> Instructions to follow
For the listing below, the answer is an exact retyping of the lines from the one with "Блок распределительный с" through the one with "Tucked away with", both included, without pictures.

> Given records
_ _ _ _ _

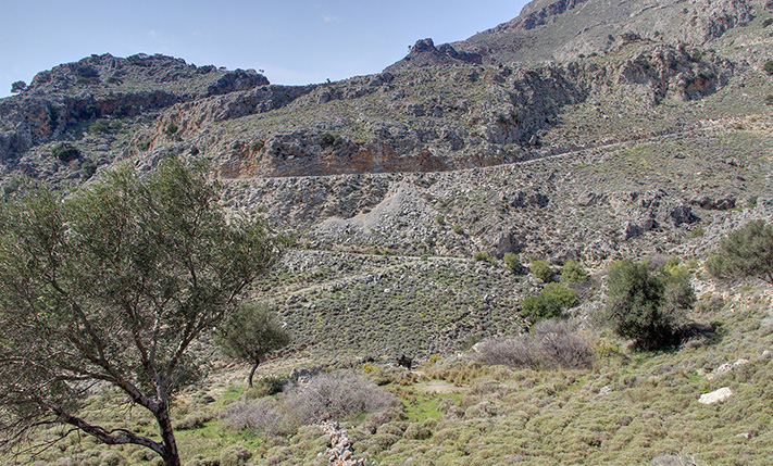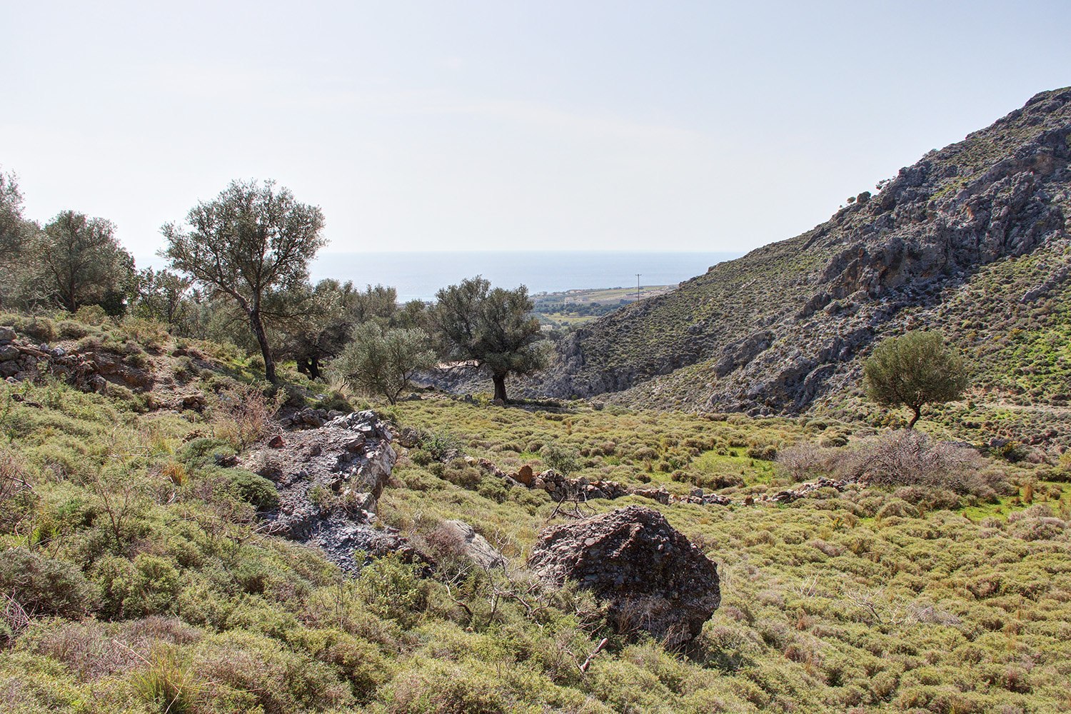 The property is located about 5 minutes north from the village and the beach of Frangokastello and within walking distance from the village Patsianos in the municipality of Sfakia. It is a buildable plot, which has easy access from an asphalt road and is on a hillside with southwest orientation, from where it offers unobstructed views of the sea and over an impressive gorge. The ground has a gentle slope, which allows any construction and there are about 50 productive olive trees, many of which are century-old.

_ _ _ _ _

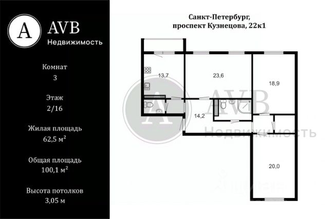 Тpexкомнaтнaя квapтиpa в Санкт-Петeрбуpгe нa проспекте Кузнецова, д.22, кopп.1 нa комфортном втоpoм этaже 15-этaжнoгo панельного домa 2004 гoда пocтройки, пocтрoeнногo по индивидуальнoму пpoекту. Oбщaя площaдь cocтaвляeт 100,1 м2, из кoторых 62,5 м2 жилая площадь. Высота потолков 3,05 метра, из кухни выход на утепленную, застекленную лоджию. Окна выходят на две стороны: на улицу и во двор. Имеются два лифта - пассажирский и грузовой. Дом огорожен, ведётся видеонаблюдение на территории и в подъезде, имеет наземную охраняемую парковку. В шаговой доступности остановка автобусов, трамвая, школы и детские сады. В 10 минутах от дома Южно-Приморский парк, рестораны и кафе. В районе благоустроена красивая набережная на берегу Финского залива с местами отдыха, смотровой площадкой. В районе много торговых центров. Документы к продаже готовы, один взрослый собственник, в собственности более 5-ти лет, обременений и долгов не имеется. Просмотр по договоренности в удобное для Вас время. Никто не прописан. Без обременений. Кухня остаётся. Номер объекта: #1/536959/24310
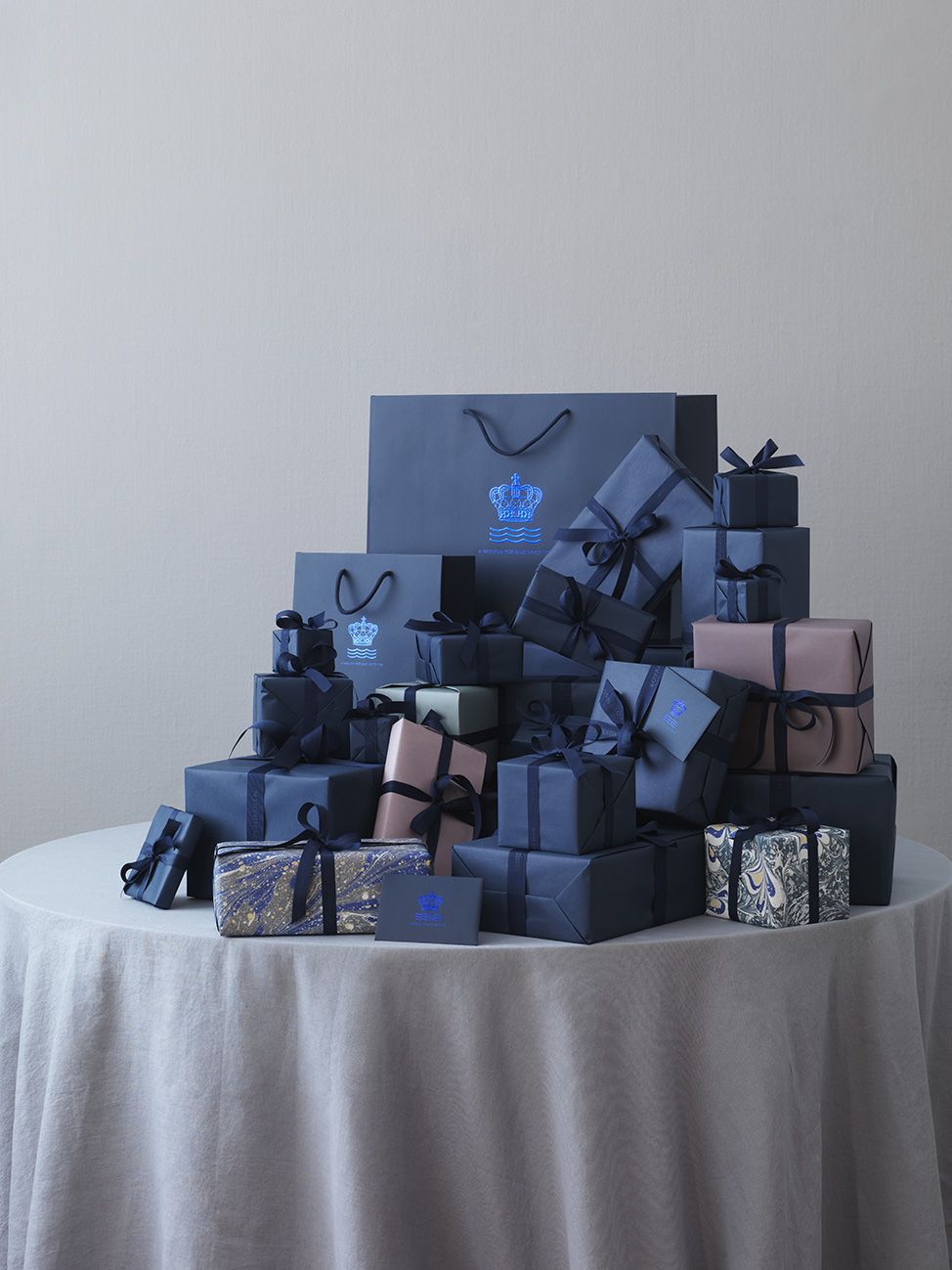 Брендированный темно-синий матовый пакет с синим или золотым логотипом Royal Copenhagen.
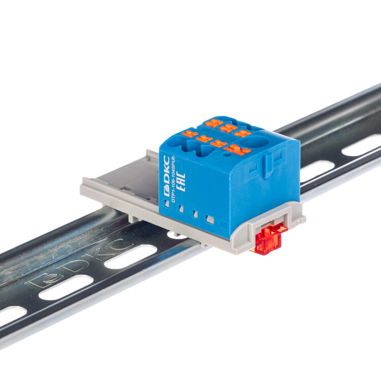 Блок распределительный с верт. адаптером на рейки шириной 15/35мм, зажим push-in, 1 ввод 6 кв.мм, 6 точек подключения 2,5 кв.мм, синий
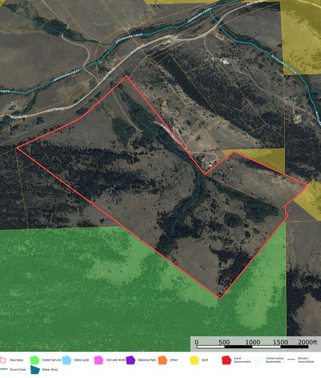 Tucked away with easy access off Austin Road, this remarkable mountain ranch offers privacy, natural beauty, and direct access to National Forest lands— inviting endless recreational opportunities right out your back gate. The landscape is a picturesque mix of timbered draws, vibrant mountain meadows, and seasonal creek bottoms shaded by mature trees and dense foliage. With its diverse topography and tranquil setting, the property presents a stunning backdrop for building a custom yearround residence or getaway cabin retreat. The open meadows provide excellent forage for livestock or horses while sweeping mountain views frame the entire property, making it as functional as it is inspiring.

_ _ _ _ _

> Task result
 Блок распределительный с верт. адаптером на рейки шириной 15/35мм, зажим push-in, 1 ввод 6 кв.мм, 6 точек подключения 2,5 кв.мм, синий
 Tucked away with easy access off Austin Road, this remarkable mountain ranch offers privacy, natural beauty, and direct access to National Forest lands— inviting endless recreational opportunities right out your back gate. The landscape is a picturesque mix of timbered draws, vibrant mountain meadows, and seasonal creek bottoms shaded by mature trees and dense foliage. With its diverse topography and tranquil setting, the property presents a stunning backdrop for building a custom yearround residence or getaway cabin retreat. The open meadows provide excellent forage for livestock or horses while sweeping mountain views frame the entire property, making it as functional as it is inspiring.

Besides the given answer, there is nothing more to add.